Hayati tehlike var ama enteresandır kameralar çalışıyor, pilot kabininden görüntüler var. Pilot kabininden görüntülerin alınması ne derece doğru. Çünkü uluslararası bir olayda bu uçak mecburi iniş yapıyor. Bu görüntülerin alınması yasak. Peki bu uçak İstanbul'dan kalkıp Manchester'a gidebilir mi? Yoksa bu uçak kısa mesafelerde mi kullanılır? Bu işlerde hayati tehlike ne kadardır?
Ondan sonra da çıkıp kulüp başkanının ve yöneticilerin bazı beyanatlarını insanlar nasıl dinlerler?
Gelelim maça... Taraftar, "Yönetim istifa" diye bağırıyor. Bu bağırma neticeye göre mi, yoksa takımın içinde bulunduğu duruma göre mi? Bakınız arkadaşlar; Fenerbahçe Kulübü doğru yönetilmiyor. Size bugün bin tane bahane söyleyeceklerdir. Peki ben size başka bir şey söyleyeyim. Dün akşam sahada İbrahimoviç var mıydı? Yoktu.
Peki dün akşam Manchester takımı, son oynadığı Liverpool maçındaki kadrodan kaç oyuncuyu bu maçta kullanmadı? 7 oyuncu...
Yani şunu diyor Manchester; "Yahu kardeşim ben belli takımlara karşı tam takımla çıkarım, bazı takımlara karşı da ikinci takımımla çıkarım." İnanılır gibi değil. Arkadaşlar, Fenerbahçe seyircisi aldatılıyor, yazık oluyor.
Bir gece evvel Beşiktaş'ı seyrediyorsunuz, bir gece sonra F.Bahçe'yi seyrediyorsunuz.
Beşiktaş da mağlup olabilirdi.
F.Bahçe de belki tesadüfen kazanabilirdi.
Ama iki takım arasındaki futbola baktığınızda birinden keyif aldık.
Beşiktaş'tan... Niye, şahsiyetli bir futbol oynadılar. Mağlup olurlar mıydı?
Olurlardı... Fenerbahçe'ye bakıyorsunuz.
Ne oynadı? Futbol mu? Hayır. Top mu oynadı? O da hayır. Peki ne oynadı?

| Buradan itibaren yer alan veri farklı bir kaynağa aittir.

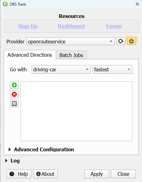 Führen Sie das Tool nach der Installation via Web → ORS Tools → ORS Tools aus. Gehen Sie zu Settings siehe Abbildung 54.2).

Bugün beyanatları duyarsınız;
"Hakem çok kötüydü. Manchester sahası çamurdu. Bizim hakkımızı UEFA yedi" İMZA: Aziz Yıldırım. Ama şunu unutmayalım.
Mourinho son maçtan 7 futbolcuyu oynatmadı, İbrahimovic yoktu.
Ama F.Bahçe yönetimi. "Niye bize karşı İbrahimovic'i oynatmadın. Bizi aşağıladın ey Mourinho" da diyebilir.
Mourinho da bu tehdit karşısında dizleri ve ayakları titrer, "Gelecek maçta mutlak oynatacağım merak etmeyin" der!